There was a slight tremor in Sethfire’s hands that Aetos tried to soothe with a squeeze. 
You can do this, Aetos thought at him; a telepathic plea of encouragement.

“Let me—let me call my sister first,” Seth stuttered. His hands fled to his phone and he fumbled in Athena’s number, avoiding Aetos’s eyes.
Athena picked up only a ring and a half in:
“Seth?” she asked. Her tone was one Aetos recognized—it was his own: Her voice itself strained by lethargic anxiety, the wear of years of worry over nighttime calls from her brother and what they tended to mean.
“Um. Aetos is here,” Sethfire said. Neutrality had finally escaped his grasp; the tremor from his hands found his voice. “He thinks that I should...Check myself into a rehab center. In Redhook? I wanted your...your opinion. Do you think...I should?”
There was a pause at the other end of the line, then a quavering, relief-stricken:
“...Yes. Yes, Sethy, I do.” Athena’s voice cracked; she sounded as young as Aetos had ever heard her and Sethfire’s shoulders dropped at the sound.

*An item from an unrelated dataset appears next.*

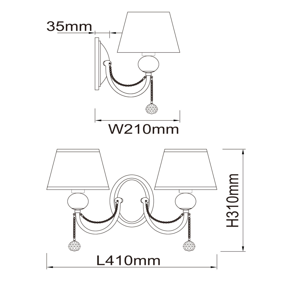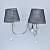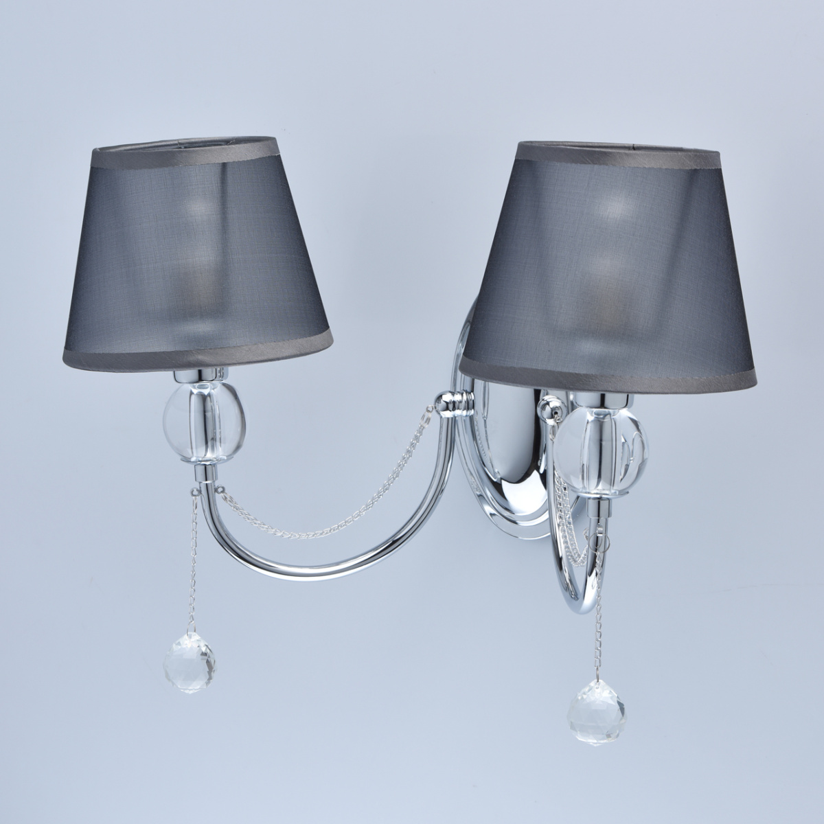 Основание светильника выполнено из металла и гальванизировано в цвет хрома. Рожки выполнены по технологии проката на роликовом станке. Розетки выполнены из прозрачного акрила в виде шара. Двойные плафоны: выполнены из органзы графитового цвета, с атласным кантом серого цвета и с термостойким акрилом с внутренней стороны, прошиты.Декор: цепочки гальванизированы в цвет арматуры, подвески декорированы прозрачными хрустальными шарами.

“...Okay,” he murmured into the phone. His eyes looked wet; he pinched the bridge of his nose. “I...I will, then.” He sniffed. “I love you. I’m sorry it’s taken so long.”
A broken breath on Athena’s end; something that failed to quite be a sob.
“As long as it’s happening now,” Athena choked out. “I love you too. You’re gonna call tonight?”
Sethfire swallowed hard and nodded, though Athena couldn’t see. 
“Yes. Just as soon as I hang up.”
“Then hang up. I’ll put some pants on and be over there by the time you’re done.”

They exchanged temporary goodbyes; Sethfire’s seemed to drag. Finally, though, he hung up and turned to Aetos again. He took a deep breath. 
“Alright. What’s...what’s the telephone number?”